По сути, здесь мы видим, как текст трансформирует сам себя.
На сложноуловимой границе игрового и неигрового текста находится «Правед…». В нём мы снова видим имитацию работы филолога, оформляющего древний текст, но филолог тут действует «в команде» с концептуалистом, разносящим слова по разным строкам, добиваясь открытия некого «семантического кармана». А само стихотворение — философско-теологический микротрактат о благодати — представляет собой однозначно нечто большее, чем сумму используемых при его создании приёмов, — если убрать их, оно не потеряет своего смыслового ядра.
Наконец, в стихотворении «И как бы мне сказать что я не прожил…» автор отбрасывает свои затейливые инструменты и оставляет лишь мысль, чувство и метафору. И конструкция не рассыпается, всё отлично работает.
Рецензия 3. Ольга Девш о подборке стихотворений Данилы Кудимова
Подборка Данилы Кудимова заставляет думать. Буквально начиная с названия «Ангельми немолчно в вышних славимаго Бога», которое отсылает к ирмосу восьмой песни Триоди Цветной (Неделя 4-я по Пасхе, о расслабленном). Вдобавок два первых и два предпоследних стихотворения празднуют дада и стремятся приобщить читателя к абиссальным брамфатурам.
Совмещение нигилистической поэтики, ставшей многоплодным семенем концептуального искусства, и визионерской философии Даниила Андреева, вероятно, и есть суть «инициативы rosamundi», вдохновителем и руководителем которой и является Кудимов. Как известно из биографической справки, Данила учится на филологическом факультете МГУ, что очень заметно в стихах. Знания переполняют. Здесь и греческие и церковнославянские включения-гранки, и постмодернистское смешение слоёв с неизменным флёром критического отношения к транслируемому объекту.
Адаптация тургеневской «Аси» в одновременно новом сладостном («и пришёл в свою комнатку весь разнеженный, / как маленький луч декабря, / сладостным томлением / испепелённый») и восточном («лодка сердца причалила») стилях с вкраплениями едко-изящной иронии:
С обеих сторон рос виноград;
солнце только что село,
и алый тонкий свет лежал на зелёных лозах,
на высоких тычинках,
на пашных уделах…
и на белой стене небольшого домика
с косыми чёрными перекладинами
и четырьмя светлыми окошками,
в которых копошились гадины.
И только в полной цитате видна вся авторская игра. Возможно, это контрапункт. Однако воспринимается как постирония. Словосочетание «копошились гадины» не совсем правильное — обычно говорим «гады», — отчего создается щекотливая двусмысленность, к которой якобы никто отношения не имеет, ведь обе героини стихотворения описываются исключительно с милой, точнее сказать, миленькой интонацией. Но посреди всего этого шербетного сюсюканья плюхаются гадины. Неспроста сей ляп. Данила, как Левша, не подковку делает, а клеймо на ней. И думайте что заблагорассудится. В пределах отведённой блохи, разумеется.
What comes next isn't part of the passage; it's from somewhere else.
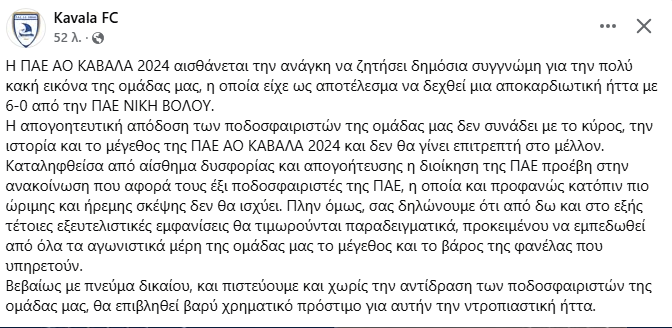 Σε αναδίπλωση προχώρησε η ΠΑΕ Καβάλα, μετά τις έντονες αντιδράσεις που προκάλεσε η ανακοίνωση περί αποδέσμευσης έξι ποδοσφαιριστών. Με νέα τοποθέτηση, η διοίκηση της ομάδας ζήτησε δημόσια συγγνώμη για τη βαριά ήττα (6-0) από τη Νίκη Βόλου, διευκρινίζοντας πως η προηγούμενη ανακοίνωση εκδόθηκε εν βρασμώ ψυχής και δεν θα ισχύσει.
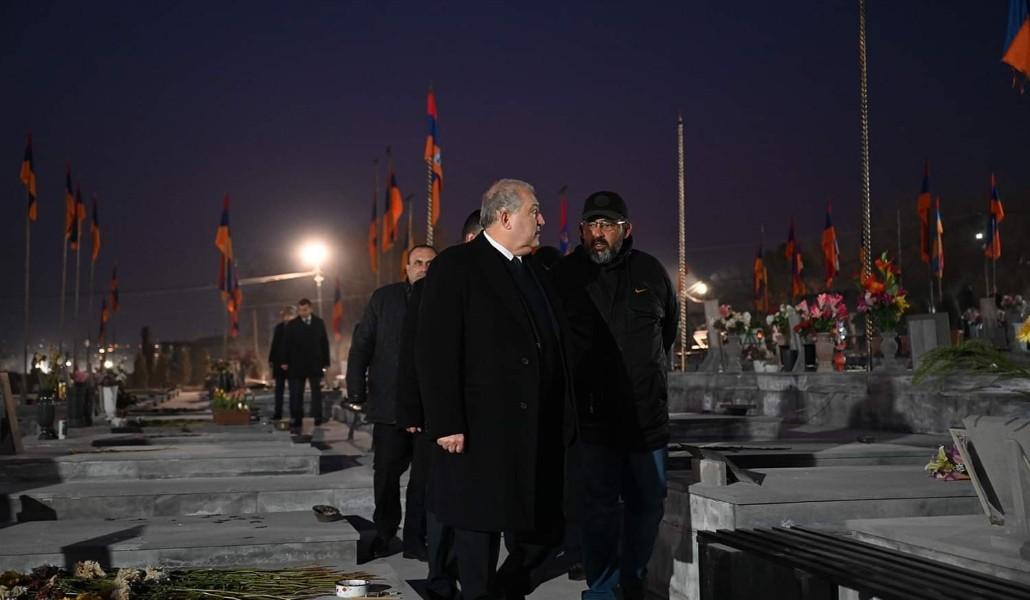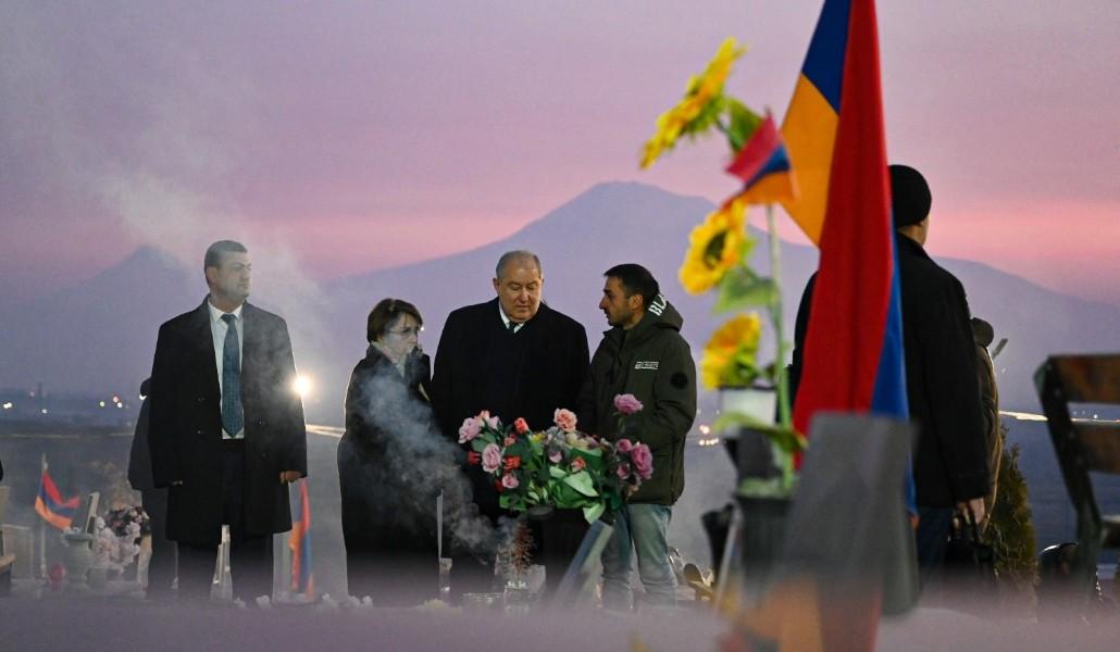Հանրապետության նախագահը և տիկին Սարգսյանը հարգանքի տուրք են մատուցել արցախյան պատերազմում իրենց կյանքը Հայրենիքի պաշտպանության համար զոհաբերած հերոսների հիշատակին, ծաղիկներ դրել նրանց շիրիմներին, մեկ րոպե լռությամբ հարգել նահատակված հերոսների անմահ հիշատակը:

С классикой по обыкновению как держатся: или подобострастно, или панибратски. Кудимов строит другие взаимоотношения, свойственные молодым и амбициозным, — равноправные. Правда, сначала революция. Культурная и философская. В основе всё равно лежит круг. Стесняться глупо. Космогонию человеческой поэтической мысли пора обновить.
и я
с тобою
рядом
не с тобой.
Рецензия 4. Дмитрий Веденяпин о подборке cтихотворений Данилы Кудимова
Стихи Данилы Кудимова — стихи-загадки. Я очень рад, что автор сегодня с нами и можно будет задать ему вопросы. Что означают эти отсылки к церковнославянскому? Почему «ходили беаше», к чему это странное совмещение причастия во множественном числе с глаголом в единственном? Почему нам предложена эта реконструкция (если это так) дописьменной речи? Что означает в данном случае «ь — jь — j»?
Не меньше вопросов и ко второму, так сказать, «греческому» стихотворению в подборке… Например, в чём смысл квадратных скобок? Насколько мне известно, в редакторской практике в квадратных скобках помещают то, что предлагают добавить в текст. Но так ли это в данном случае? (Ответы Данилы Кудимова на вопросы см. на видеозаписи мероприятия. — Прим. ред.)
Не менее загадочно и стихотворение про стрижа.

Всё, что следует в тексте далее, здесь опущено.